この共通点はなにを示しているのでしょうか?

 

コーヒーノキを最初に利用したのは...?

現在のアフリカ、及び近郊には125種のコーヒーノキが群生しています。これだけの種類が何千年も前からあったとは考えにくいのですが、アフリカ大陸には古くからコーヒーノキがいくつも群生していたことが伺えます。また、アフリカ大陸に生息する鳥や猿、猫などはコーヒーノキの果実を食用としています。この2つから考えられることは“アフリカで誕生した旧人類もコーヒーノキの果実を食用にしていた”ということです。

 

つまり、“人類がコーヒーを生活(食用)に用いたのはアフリカ大陸からではないか?”と推察できます。また、旧人類は約20万年前にホモ・サピエンスに進化し、東アフリカに位置するエチオピアを居住区にします。そして約7万年前、新天地を求めユーラシア大陸など様々な場所に移動したのです。この移動の際、“人類はコーヒーノキを新天地に持っていったのでは?”とも考えられますが、コーヒーノキは栽培環境が限定されているので、仮に持っていったとしても育たなかったと思います。

 

それでは、なぜ9世紀に遠いテヘランに住むアル・ラーズィーがコーヒーを知ることになったのでしょうか?

 

奴隷貿易とコーヒーの関連性

エチオピアには「ケブラ・ナガスト」という1270年頃に書かれた歴史書があります。この本によると紀元前10世紀に一人の王子がエチオピアに渡りアクスム王国を建国したと書かれています。建国年自体は伝説の域を出ませんが、今から約2000年前のエチオピアにアクスム王国があったことは立証されています。アクスム王国は貿易都市として栄えるのですが、9世紀頃になると他勢力に押され次第に国力が低下してしまいます。この事態を重く見たアクスム王のデグナ・ジャンはエチオピア西南部エナリアで暮らす先住民族を捕らえ奴隷貿易を開始するのです。これによりアクスム王国は再び栄えたと記されています。

そして、9世紀と言えば先述したアル・ラーズィーの登場です。彼がコーヒーを知っていた有力な理由は二つ。

 

①アクスム王国がコーヒーを輸出していた可能性

②テヘランに強制連行された奴隷からコーヒーの存在を聞いた可能性

 

いずれも記録こそありませんが、アル・ラーズィーがコーヒーのこと書いた時期とエチオピアが奴隷貿易を始めた時期は符合します。この二つの事象がまったく無関係ということはないと思います。
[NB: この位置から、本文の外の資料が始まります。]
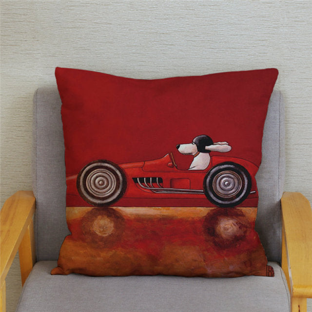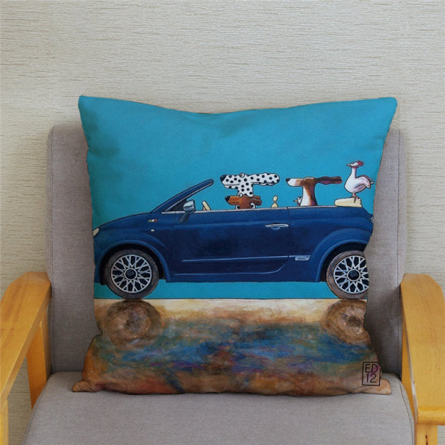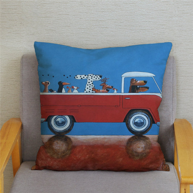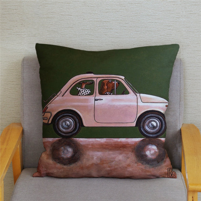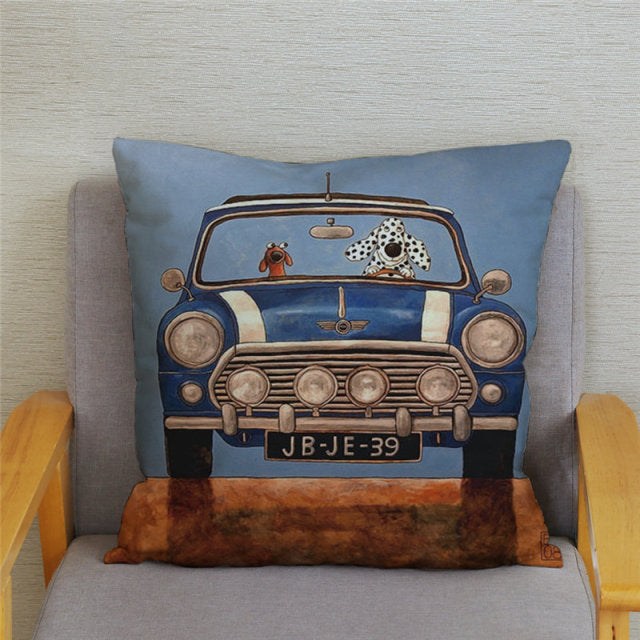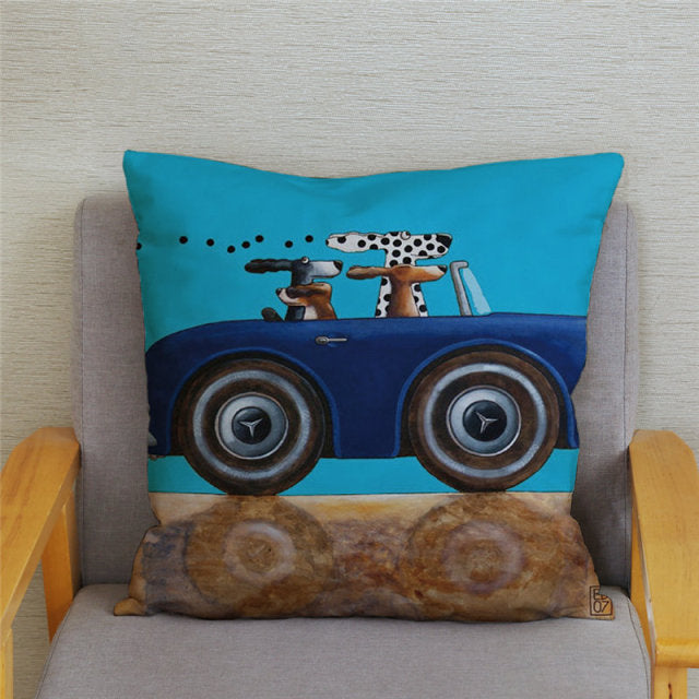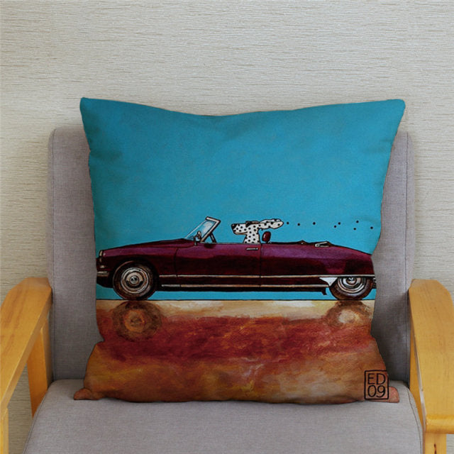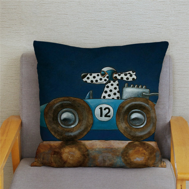 Cute Cartoon Driving Dalmatian Pillow Case Plush Decor 45*45cm Animal Dog Cushion Cover for Sofa Home Print Throw Pillowcase

それでは、コーヒーの記録が正確に書かれた正当な歴史を紐解いていきましょう。

 

 

15世紀から見えてくるコーヒー文化の広がり

①アフリカ大陸でコーヒーノキが誕生する(仮説)

②その後、エチオピアから世界に伝播される(仮説)

③最古のコーヒーの歴史は10世紀頃に書かれたアル・ラーズィー(の弟子)の「医学集成」(史実)

 

――ここまでを解説してきましたが、コーヒーの記録が再び文献で確認されるのは③から400年以上先の15世紀になります。舞台はイエメン。コーヒーは「カフワ」という名で広まります。カフワはコーヒーだけではなく“欲望を減退させる飲み物”という括りで、白ワインなどもカフワとされていました。しかし、新しい戒律により白ワインの飲用は禁止されてしまい、“カートという植物の葉で作るお茶”が代用品として飲まれていました。このカートという植物はコーヒーノキと同じで高地でしか育たず、さらに鮮度が重要でした。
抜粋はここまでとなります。